The Yankees entire starting outfield will miss Opening Day. Injuries are part of the game, but the real problem cuts deep into the heart of the organization.
The Yankees, and in particular, Brian Cashman, knew something had to change after New York’s 2019 record-setting season of injuries.
The mood was upbeat when Cashman announced a complete overhaul of the Yankees medical staff in mid-January. The point man, as Cashman explained, would be Eric Cressey, who would take over as the club’s new Director of Player Health and Performance.
It was noted that Cressey is well known for his offseason training regimens, working with more than 100 professional baseball players in his career.
Yankees: Too Late – Dysfunction Had Already Set In
Well, as it turns out, the Yankees are four months late and $45 million short as they look at their entire starting outfield injured and out of action when the season opens in Baltimore.
Following Aaron Hicks ($10 million – Tommy John elbow surgery) and Giancarlo Stanton ($26 million – Grade 1 strain of his right calf), Yankee’s right fielder Aaron Judge ($8.5 million) is diagnosed with a stress fracture in his first right rib.
While the injury suffered by Hicks dates back to last season, the ones to Judge and Stanton have a tint of mystery surrounding this question – how is it that both injuries occurred before either player took one swing in a game?
Especially in the case of Judge, where it seems probable, he was he already injured when he reported to camp? And as soon as he attempted to re-engage in baseball activities, the rib became only more aggravated.

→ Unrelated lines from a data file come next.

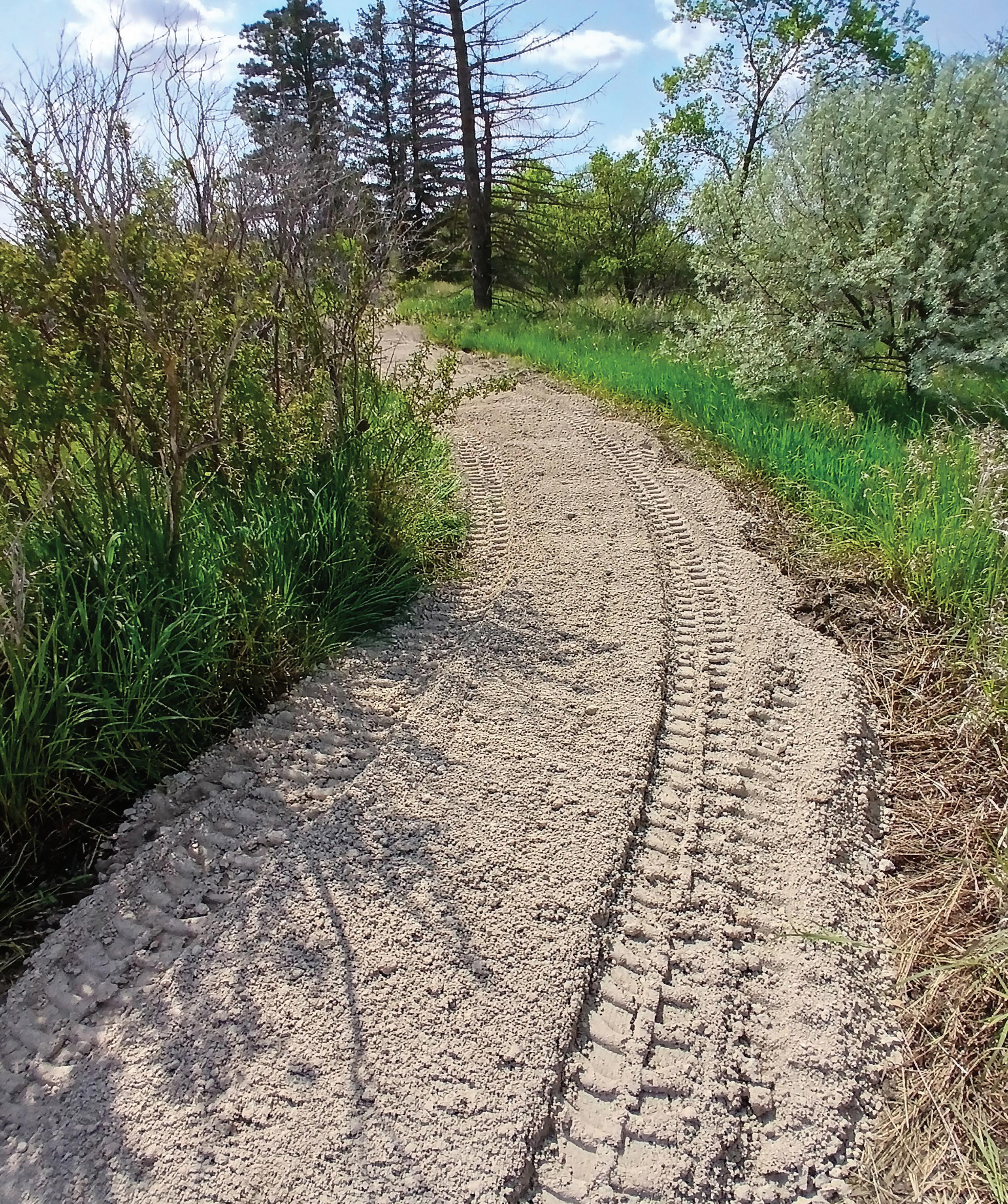 The Crooked Crane Trail, established in 1999, is a multi-surface trail that winds around the Patterson Lake Recreation Area, which is owned and operated by the Dickinson Parks and Recreation District. The Stranski segment of the trail extends through the northwest portion of the recreation area, connecting the Nyoda (Trap Club) Trailhead to the Stranski Trailhead. The goal of this project was to construct a permanent and sustainable 4-foot-wide natural surface trail suitable for both hikers and cyclists along this 1.3-mile section. Two new loops were added, incorporating a variety of cycling features such as tabletops, rollers, and small berm turns, increasing the total trail distance to 2.37 miles. Additionally, culverts were installed at four drainage crossings to improve water management. As part of the overall project, the Nyoda (Trap Club) Trailhead was expanded and upgraded in conjunction with the construction of the new trap club facility. Funding for the project was provided through a Recreational Trails Program (RTP) grant, with matching contributions from Marathon Petroleum and material donations from Stark County.
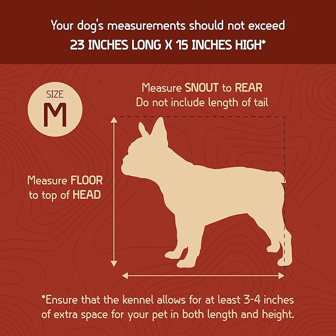 - Your dog's measurements should be under 24"" L x 16"" H for medium kennel - 2 dishes and 4 live animal stickers metal bolt and nuts included
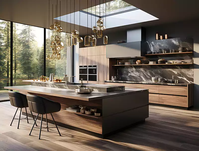 Three tiers working in harmony—ambient lighting from recessed fixtures or skylights, task lighting via under-cabinet LEDs, and accent lighting through pendants, chandeliers, or backlit stone panels.
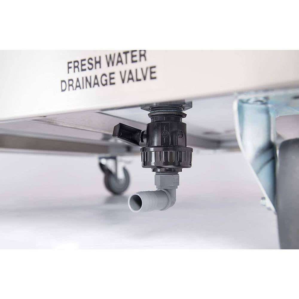 A: Simply plug the unit into a standard outlet, fill the freshwater tank, and connect to a drainage outlet for waste water. The unit arrives fully assembled for immediate use.

According to Physioworks, this happens when there is muscular pull across the bone exerting considerable repetitive forces. Such as maybe swinging a bat with significant and repetitive force?
Who can say? What we do know is there was no one on the Yankees staff encouraging, or if necessary, forcefully directing Judge to tone it down during the offseason.
Remember, and unbeknownst at the time, Judge suffered the injury when he landed on his shoulder making a diving catch.
In science and medical terms, muscle weakness followed the dive, resulting in the shock absorption capabilities of the muscle being decreased and consequently, an increased level of stress at the selected focal point of the rib(s).
Yankees Lose Control
It’s at this juncture where things get pointed directly at the Yankees. Aaron Judge is not a doctor. He’s a professional athlete who engages in daily training as surely as he eats three meals a day and brushes his teeth before bedtime.
Consider then what Judge told the New York Daily News, following his disappointing diagnosis (out a minimum four weeks with surgery a possibility):
“I think the consistent swinging and weightlifting throughout the whole offseason really didn’t give it the chance to” heal, Judge said.
“If somebody breaks their leg and they’re In a cast, they’re immobilized for a couple weeks or months … You give the bone a chance to heal.
Recall what we said earlier about Eric Cressey being well known for his offseason training regimens, working with more than 100 professional baseball players in his career.
The Yankees can only rue over the fact that if Cressey had been on board sooner, Aaron Judge’s offseason program would have been cut back, and he’d be on the field today.
Therein lies a problem. In the Employment Section of a player’s contract with a team, it clearly states the contract is only active from the required reporting date for Spring Training, up to and including the end of the World Series, or when his team’s season has officially ended.
Translation: The Yankees or any team loses control of the player during what is commonly called the offseason. This is asking for trouble when it comes to the potential for injuries sustained during offseason workouts.
Without Guidance, Players Resort To “Self-Medication”
Every player, including Stanton and Judge, has their own workout program during the offseason. Although with good intentions, that is insane.
In effect, each player is allowed to self-medicate themselves by choosing which “drugs” (workout exercises), the dosage (how often they workout), and so on.
Brian Cashman picked the right man in Cress as someone who sees the offseason as the critical time to avoid injuries when a player reports back to work.
The process needs to be a twelve-month endeavor – and most importantly – the player specific program must be led and monitored by a trained person like Cressey – and for God’s sake not by the player.
Along the same lines as Judge and Stanton, the Yankees can ask themselves to what degree they monitored the throwing and workout programs of others.
James Paxton (out till May) and Luis Severino (out for the season), both of whom were diagnosed after reporting for Spring Training and beg the question of the Yankees – where were you in November and December?
Dysfunction is usually not a word associated with the Yankees organization. But here we are, and more and more it’s looking like they have no one to blame but themselves for the rain of injuries striking the team – again.
Of course, the overriding question remains. Will Aaron Judge or Giancarlo Stanton ever be injury-free?